В 1670 году Пуфендорф получает приглашение в Швецию, в Лундский университет. К этому периоду его жизни относится наиболее плодотворная его научная деятельность. В 1672 году он выпустил главное свое произведение - Libri octo de jure naturae et gentmm, которое представляет обширное, систематическое изложение естественного права. В следующем году, он издал под именем de officiis hominis et civis juxta legem naturalem libri duo, популярное, учебное изложение того, что в более научной форме содержало предшествующее сочинение.

Взятие Лунда датчанами прекратило профессорскую деятельность Пуфендорфа. Он получает приглашение в Стокгольм в качестве придворного историографа. Пробыв в этой должности около десяти лет, Пуфендорф перешел на службу в Берлин, заняв там такое же положение историографа. В 1694 году Пуфендорф скончался.

II. В половине ХVII века Германия, только что пережившая Тридцатилетнюю войну, представляла грустное зрелище в культурном и политическом отношении. Политическая раздробленность делала эту страну, которая связывала себя с Римскою империею, скорее федерацией самостоятельных государств, чем государством, похожим сколько-нибудь на империю римских цезарей.

Понятно, что господствовавшее в XVI столетии представление о римском праве, как источнике всех публичных и частных отношений в Германии, должно было в XVII веке вызвать сомнение. Это отрицательное к римскому праву течение мысли проявилось в самом начале этого столетия, усиливаясь все более и более, по мере того, как обнаруживались последствия ужасной войны. Паурмейстер (ум. 1608), Арумей (ум. 1634) и Лимней (ум. 1663) настойчиво проводили мысль, что источником государственного права Германии являются не римские, а исключительно немецкие законы. Но так как в действительности таких законов история давала весьма мало, то пришлось искать рационального основания для того, чтобы связать эти нормы и поставить их в соответствие с требованиями времени. Это обстоятельство должно было вызвать особенный интерес к естественному праву, которое к этому времени получило твердую основу в трудах голландских и английских писателей.

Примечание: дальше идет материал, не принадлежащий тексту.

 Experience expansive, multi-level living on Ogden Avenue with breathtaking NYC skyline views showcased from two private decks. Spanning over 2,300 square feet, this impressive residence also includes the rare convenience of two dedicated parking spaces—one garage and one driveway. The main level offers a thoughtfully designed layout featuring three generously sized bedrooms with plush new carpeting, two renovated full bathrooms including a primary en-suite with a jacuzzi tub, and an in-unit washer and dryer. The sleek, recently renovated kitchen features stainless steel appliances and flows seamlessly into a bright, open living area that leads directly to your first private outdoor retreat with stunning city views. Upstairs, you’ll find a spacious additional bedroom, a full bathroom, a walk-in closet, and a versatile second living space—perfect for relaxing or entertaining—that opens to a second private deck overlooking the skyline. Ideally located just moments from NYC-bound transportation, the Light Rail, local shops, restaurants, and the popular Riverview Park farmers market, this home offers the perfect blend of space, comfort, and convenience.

На встречу этому вопросу времени и выступает Пуфендорф, давший естественному праву прочную постановку в Германии. Картезианец по методу, Пуфендорф всецело находился под влиянием Гроция, Гоббса и Спинозы. Хотя он и обнаруживает знакомство с классическими писателями, но все его внимание обращено на этих трех современных философов, их авторитет приводит он в подтверждение своих взглядов, с ними ведет полемику, оспаривая их крайние выводы. Он не может считаться чистым последователем ни одного из них. Он находится в вечном сомнении, к кому из них пристать.

Это колебание в выборе решений обусловливается, конечно, личными свойствами Пуфендорфа. Положительные стороны его труда, систематичность и легкость изложения значительно ослабляются неустойчивостью его взглядов, нерешительностью в выводах. Приняв известное положение, как исходное. Пуфендорф нередко смущается выводами, которые логически вытекают из него и которые оказываются в резком несоответствии с общепринятыми воззрениями. Тогда Пуфендорф начинает отступать, делать уступки другим мнениям и тем нарушает рационалистический строй предлагаемой им системы естественного права. Недаром Лейбниц выразился о Пуфендорфе, как о vir parum jurisconsultus et minime philosophus*(684).

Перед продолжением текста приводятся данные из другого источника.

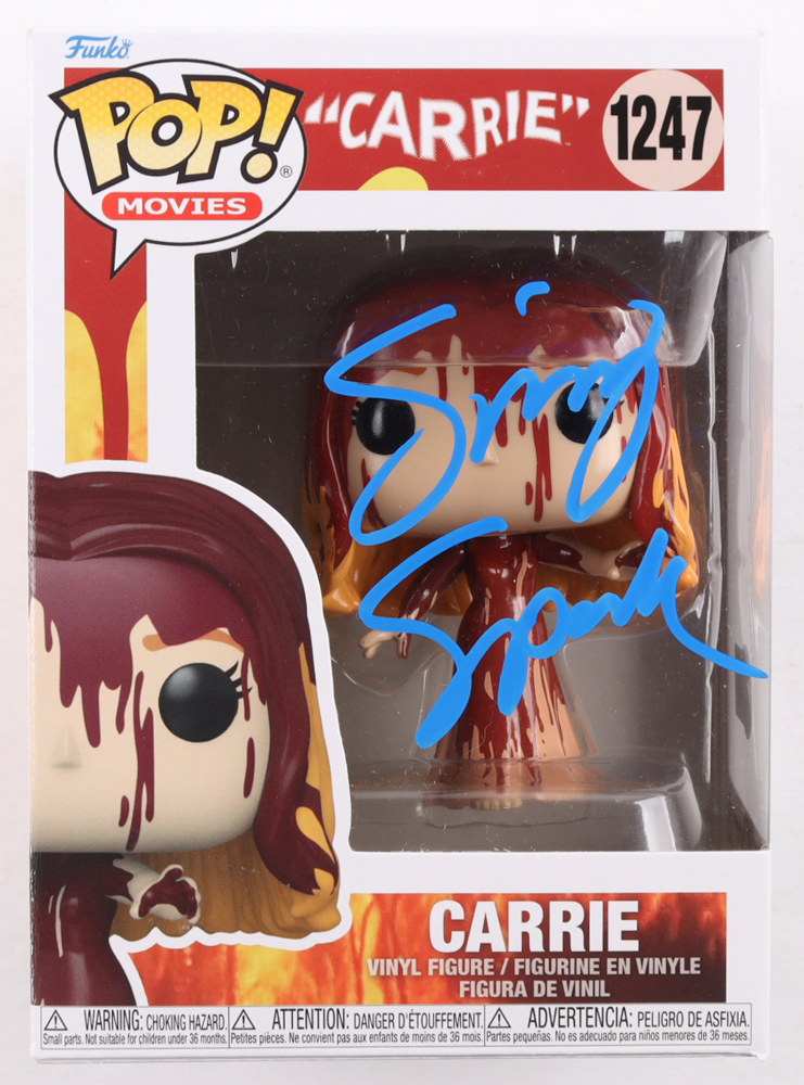 Funko Pop! figure measures approximately 4" tall. The packaging has been hand-signed by Sissy Spacek.

III. "Многие убеждены, что нравственные науки лишены той точности, какою обладают другие науки, особенно математика. Доказательства, говорят они, которые только и могут дать знание и в виду которых нет никакой опасности впасть в заблуждение, не имеют места в области этики. Все, что здесь возможно, не идет дальше вероятности. И не теперь только создался такой предрассудок: давно уже охвачены им ученые. А это причинило огромный вред нравственным наукам, самым благородным из всех и самым необходимым для жизни человеческой".

Признавая их мало обоснованными, их очень слабо возделывали*(685). Этот ошибочный взгляд поддерживался долго господствовавшим авторитетом Аристотеля, в лице которого, по взгляду многих, человеческий разум достиг высшей точки. "Но в настоящее время авторитет Аристотеля, сам по себе, не имеет никакого веса".

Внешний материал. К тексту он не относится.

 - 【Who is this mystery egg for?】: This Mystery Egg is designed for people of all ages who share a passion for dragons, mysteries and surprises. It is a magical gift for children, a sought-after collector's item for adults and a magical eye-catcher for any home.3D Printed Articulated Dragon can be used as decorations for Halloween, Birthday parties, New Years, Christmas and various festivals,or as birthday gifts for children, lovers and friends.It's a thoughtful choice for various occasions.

"Доказать значит убедить в чем-нибудь ясными началами и обнаружить, путем силлогизма, необходимую связь доказываемой мысли с этими началами, как ее причинами"*(686). Все дело в том, чтобы к этим наукам приложить тот же метод, который дал успешный результат в точных науках. Образцом точности может служить математика.

Исходными пунктами должны быть начала ясные, бесспорные, как аксиомы. Они должны быть первоначальны, т. е. они не должны быть доказываемы другими положениями, а сами собою очевидны. Исходя из этих начал, доказательства должны представлять непрерывную и непосредственную связь, с логическою необходимостью вытекая друг из друга*(687).

При такой постановке нравственных наук, они могут дать точное знание.

IV. Отрицая авторитет и основывая все научное знание исключительно на разуме, Пуфендорф неминуемо должен был столкнуться с вопросом об отношении науки к религии.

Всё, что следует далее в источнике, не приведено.